Reading Online Novel

True Love at Silver Creek Ranch(5)



“I was at the boardinghouse and saw the smoke out the window.” If the trees hadn’t been winter-bare, he might not have seen it at all, which made him think uneasily of Brooke, battling the fire alone. “Where are your brothers? They might have come in handy if I hadn’t seen the fire. I assume they still work on the ranch?”

She nodded. “They’re at the hospital with my dad, visiting my mom. Did you remember she has MS?”

He shook his head. “I never knew.”

“She never talked about it much, so I’m not surprised. Most of the time, she only needs a cane, but she’s battling a flare-up that’s weakened her legs. The guys took their turn at the hospital today, while I rode fence. Guess I found more than I bargained for.” She eyed him with speculation. “So you’re back to visit your grandma.”

She put her hands in her back pockets and rocked once on her heels, as if she didn’t know what to do with herself. That stretched her shirt across her breasts, and he had to force himself to keep his gaze on her face.

“Grandma’s letters were off,” he admitted. “She seemed almost scattered.”

Brooke focused on him with a frown. “Scattered? Your grandma?”

“My instincts were right. I got here, and she was a lot more frail, and she’s using a cane now.”

“A cane? That’s new. And I see her often, so maybe I just didn’t notice she’d slowly been . . .” She trailed off.

“Declining?” He almost grumbled the words. Grandma Palmer was in her seventies, but some part of him thought she never changed. She’d been the one woman who could briefly get him away from his parents to sleep on sheets that didn’t smell of smoke, to eat meals that didn’t come from a drive-thru. He was never hungry at Grandma Palmer’s, whether for food or for love. There weren’t holidays or birthdays unless Grandma had them. All he’d been to his teenage parents was an unwanted kid, the result of a broken condom, and they blamed him for making so little of their lives. He saw that now, but at the time? He’d been relieved to enlist in the Marines and start his life over.

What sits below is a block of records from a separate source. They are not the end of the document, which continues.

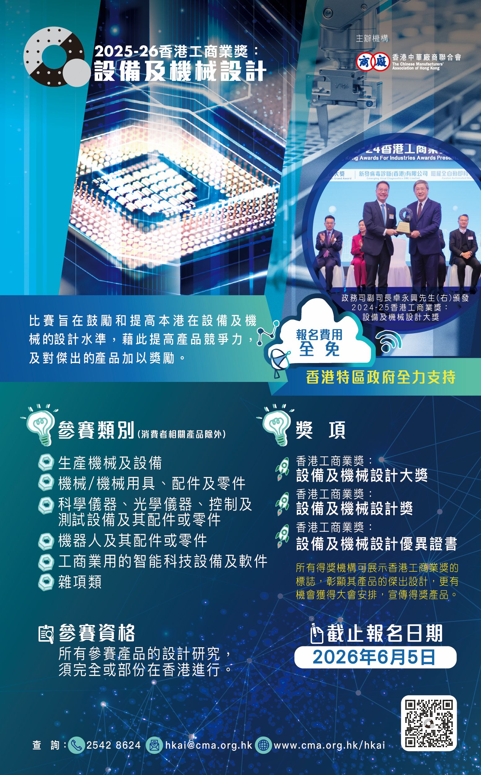 2025-26 「香港工商业奖:设备及机械设计」现已开始接受报名,截止报名日期为2026年6月5日,颁奖典礼将于2026年12月举行,欢迎报名参加。
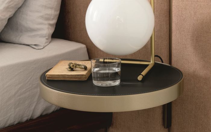 Comodini sospesi opzionali con piano rivestito in cuoio o in Rock nei colori della collezione.
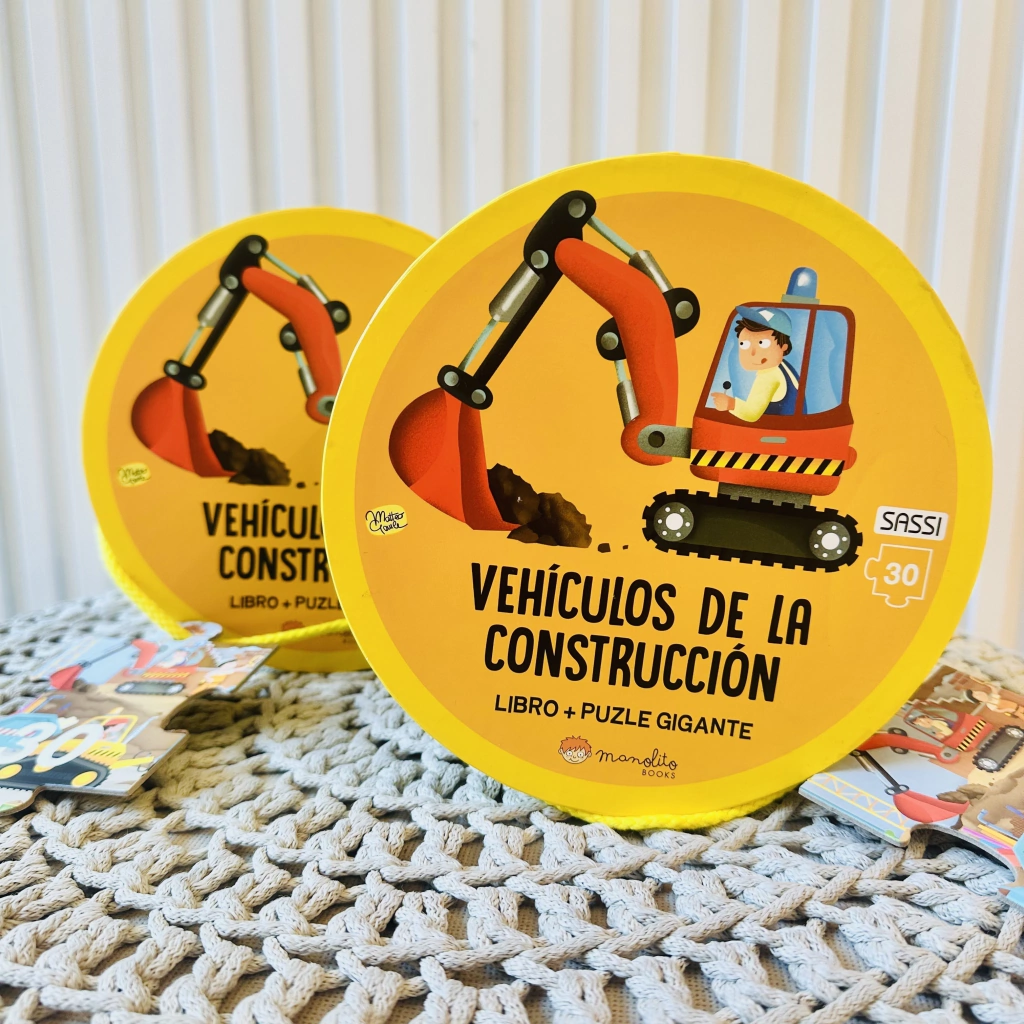 ¡Un libro ilustrado y un rompecabezas gigante para descubrir todos los vehículos en el sitio!
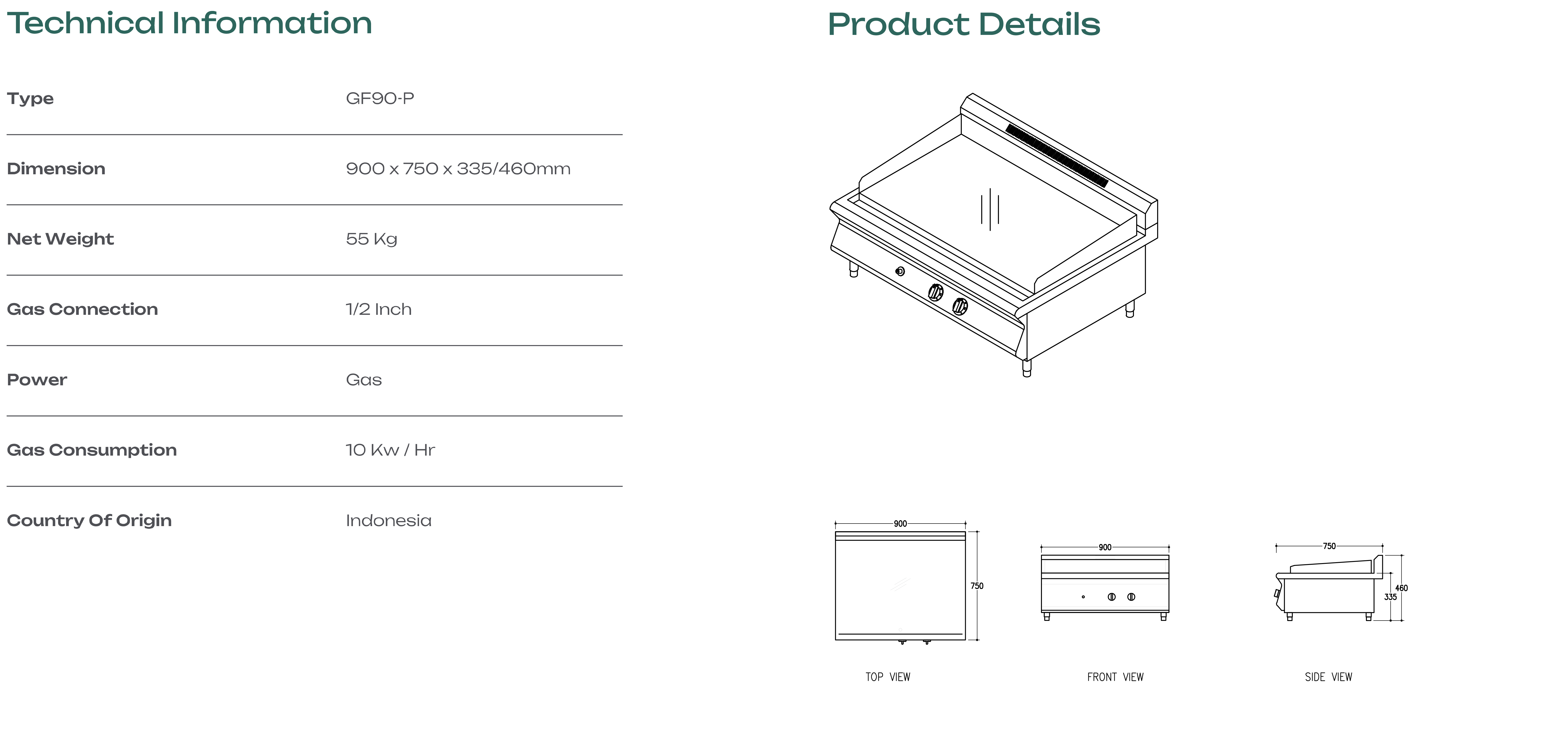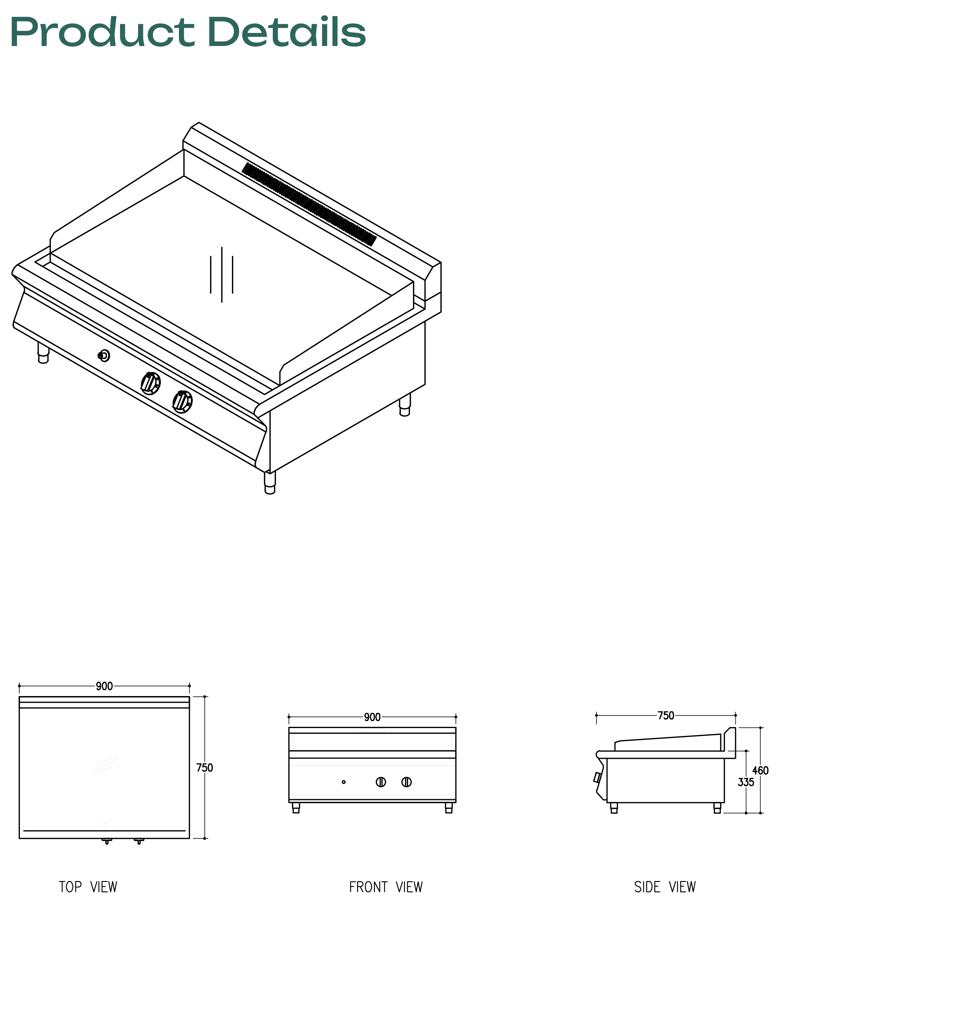 The Portable Gas Flat Griddle unit is space effi cient, designed specifi cally for your kitchen countertop and allows you to maximize every inch of work space. Ideal for cooking burgers, pancakes, vegetables skewers. Equipped with Flame Failure Device, Ignitor Piezzo and adjustable Leveling Feet.

Now he and Grandma Palmer only had each other. His parents had died after falling asleep in bed with cigarettes a few years back, and he hadn’t experienced anywhere near the grief he now felt in worrying about her. He might have only seen her once or twice a year, but he’d written faithfully, and so had she. The packages she’d sent had been filled with his favorite books and food, enough to share with his buddies. He felt a spasm of pain at the memories. Some of those buddies were dead now. Good memories mingled with the bad, and he could still see Paul Ivanick cheerfully holding back Adam’s care package until he promised to share Grandma Palmer’s cookies.

Paul was dead now.

When Adam was discharged, it took everything in him not to run to his grandma like a little boy. But no one could make things right, not for him, or for the men who had died. The men, his Marine brothers, who were dead because of him. He didn’t want to imagine what his grandma would think about him if she knew the truth.

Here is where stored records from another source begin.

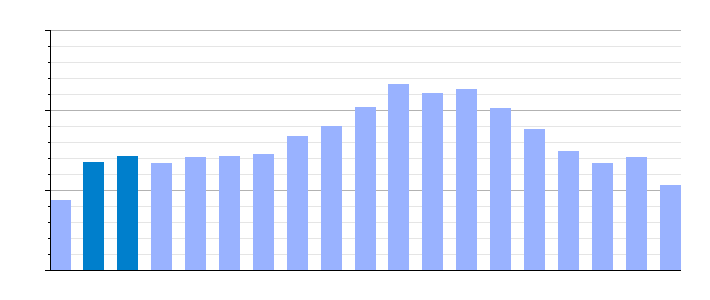 Gráfica de evolución demográfica de Casar de Palomero[4] entre 1842 y 2021
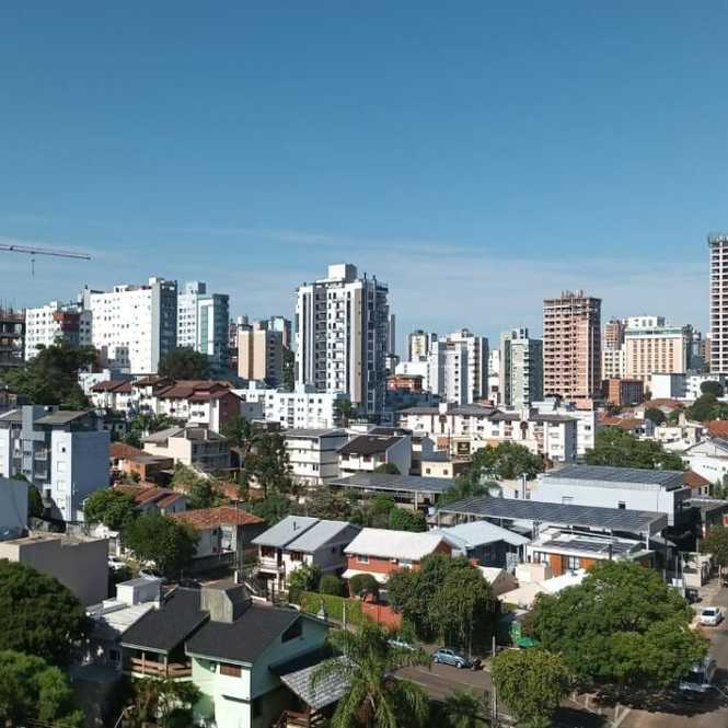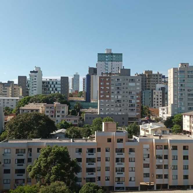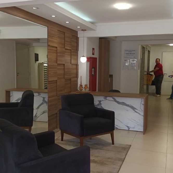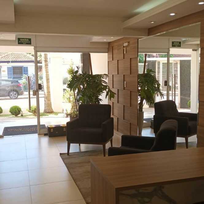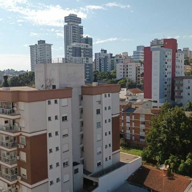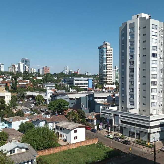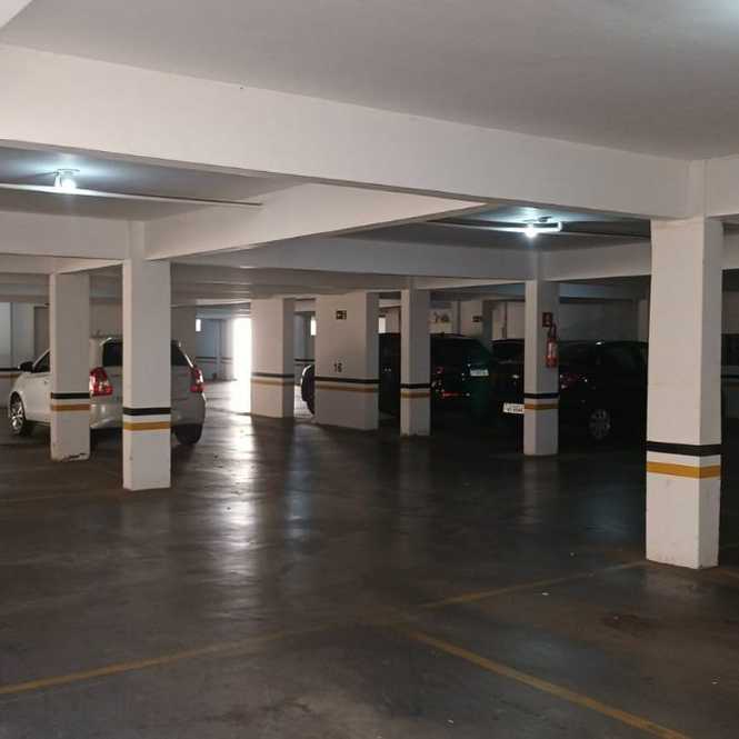 Apartamento de frente, andar alto, com 2 dormitórios, sala, sacada, cozinha, banheiro e garagem.
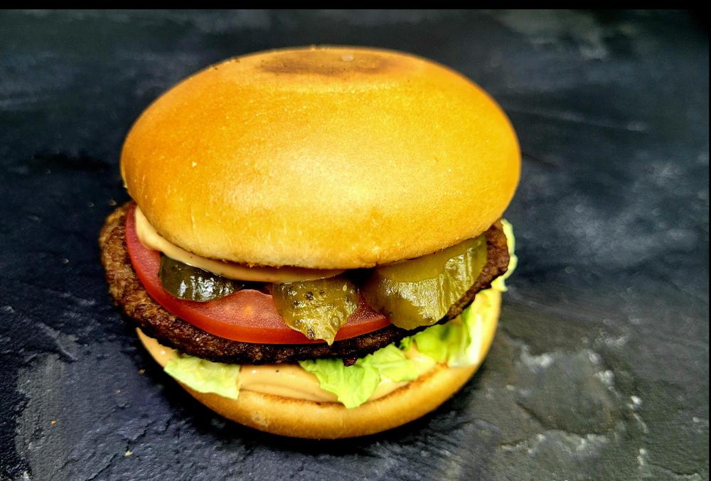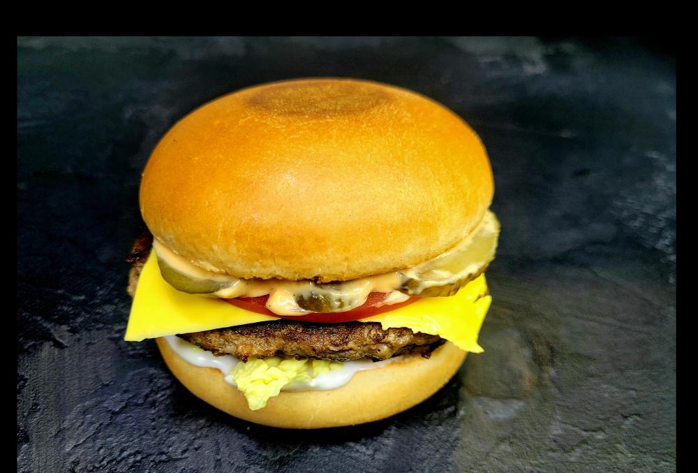 Булочка бриошь,котлета говяжья,помидор,огурчики соленые,сыр чеддер,соус гриль,соус,белый,капуста пекинская.
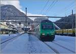 Nach Nebel und Schatten drei Winterbilder - so wie man sich den (Foto)-Winter vorstellt: In Airolo vermögen die Sonnenstrahlen am späteren Vormittag über die hohen Berge für knapp drei Stunden bis ins Tal zu scheinen und dabei den ausfahrenden SOB RABe 526 217 in ein herrliches Licht zu tauchen. Der Treno Gottardo ist als IR 46 2413 von Zürich nach Locarno unterwegs.

“Those old women still seem strong,” Brooke insisted. “Mrs. Ludlow may use a walker, and your grandma now a cane, but they have enough . . . well, gumption, to use their word, for ten women.”

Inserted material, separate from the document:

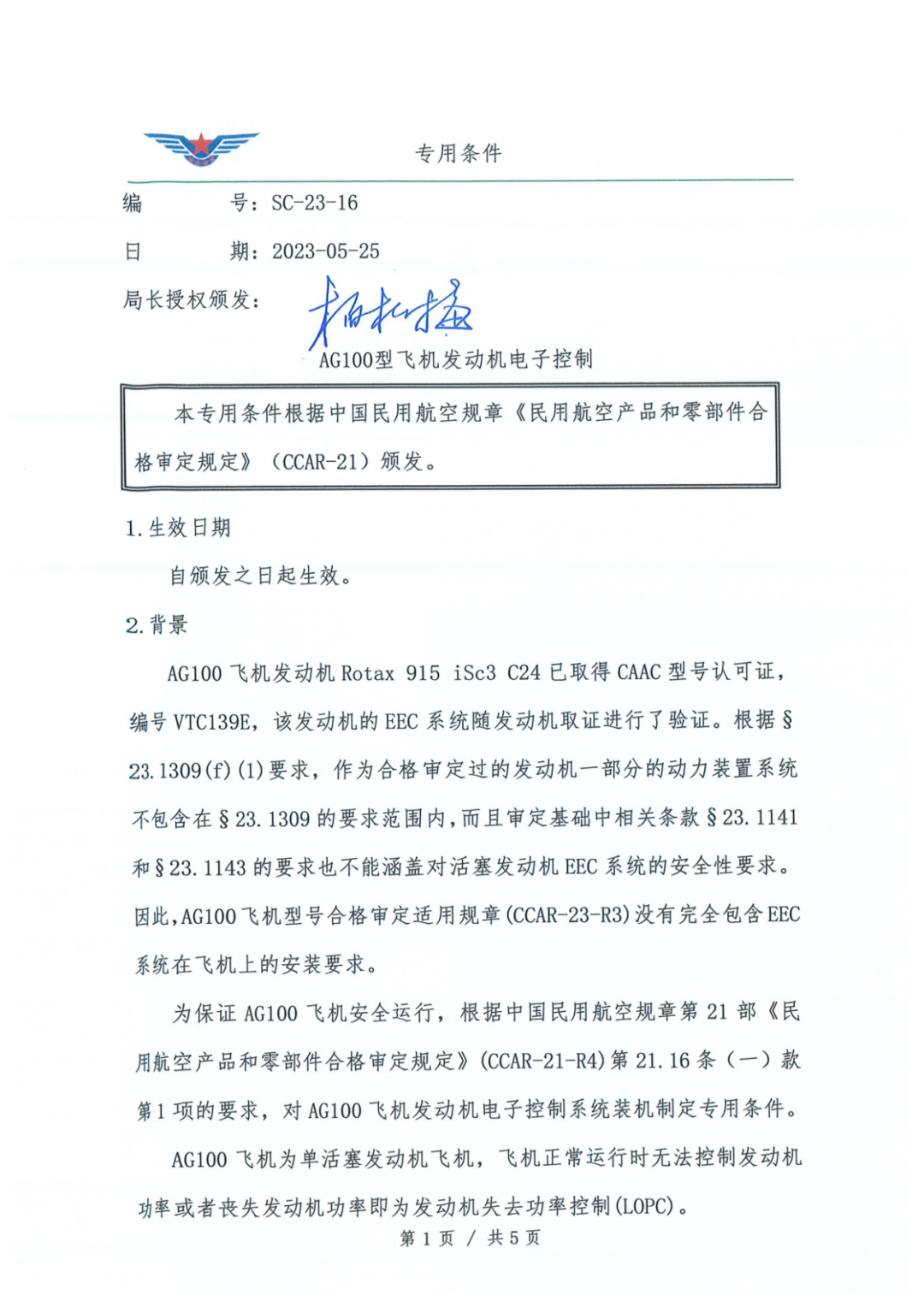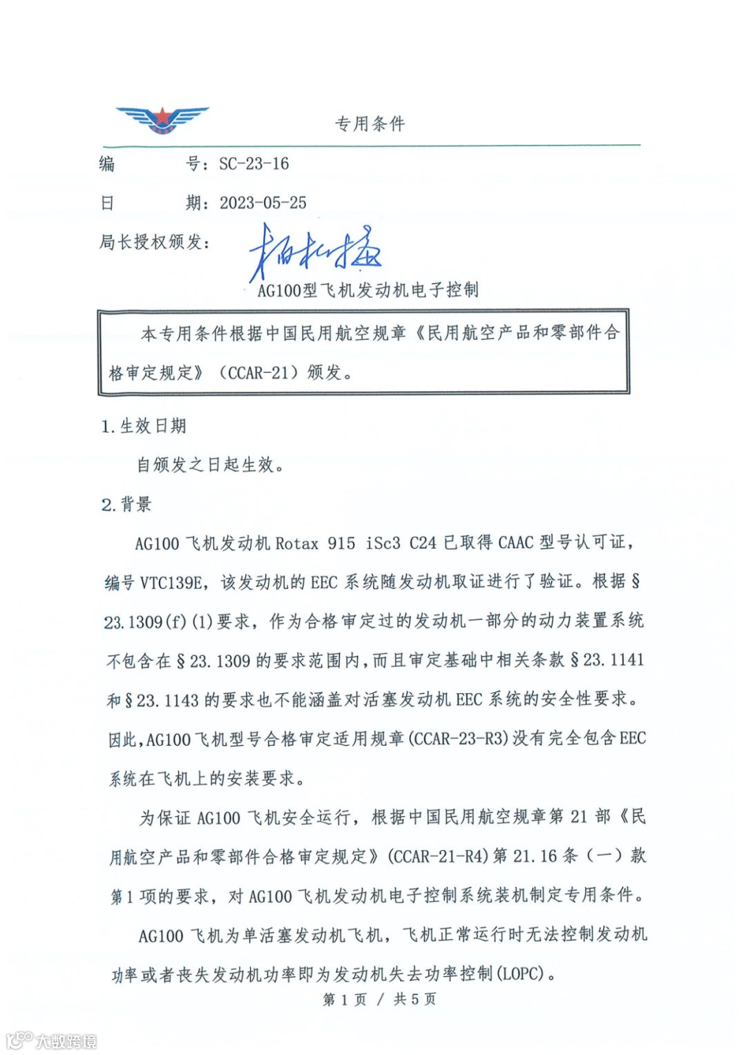 以下为《AG100型飞机发动机电子控制》(SC-23-16):

He shrugged. “All I know is what I see.”

And then they stood there, two strangers who’d grown up in the same small town but never really knew each other.

“So what have you been up to?” Brooke asked, rocking on her heels again.

He crossed his arms over his chest. “Nothing much.”

In a small town like Valentine Valley, everyone thought they deserved to know their neighbor’s business. Brooke wouldn’t think any different—hell, he remembered how she used to butt into his in high school, when they weren’t even friends. She’d been curious about his studies, a do-gooder who thought she could change the world.

She hadn’t seen the world and its cruelties, hadn’t left the safety of this town, or her family, as far as he knew. He’d seen the world—too much of it. There was nothing he could tell her—nothing he wanted to remember.

“Oo-kay then,” she said, drawing out the word.

He wondered if she felt as aware of the simmering tension between them and as uneasy as he did. He wouldn’t let himself feel like this, uncertain whether he even deserved a normal life.

“What am I thinking?” she suddenly burst out, digging her hand into her pocket and coming out with a cell phone. “I haven’t even called my dad.”

She turned her back and stared out the window, where the firemen were hosing down the smoldering ruins of her family barn. For just a moment, Adam remembered coming to the Silver Creek Ranch as a kid when his dad would do the occasional odd jobs for the Thalbergs. He’d seen the close, teasing relationships between Brooke and her brothers, the way their parents guided and nurtured them with love. Their life had seemed so different, so foreign to him.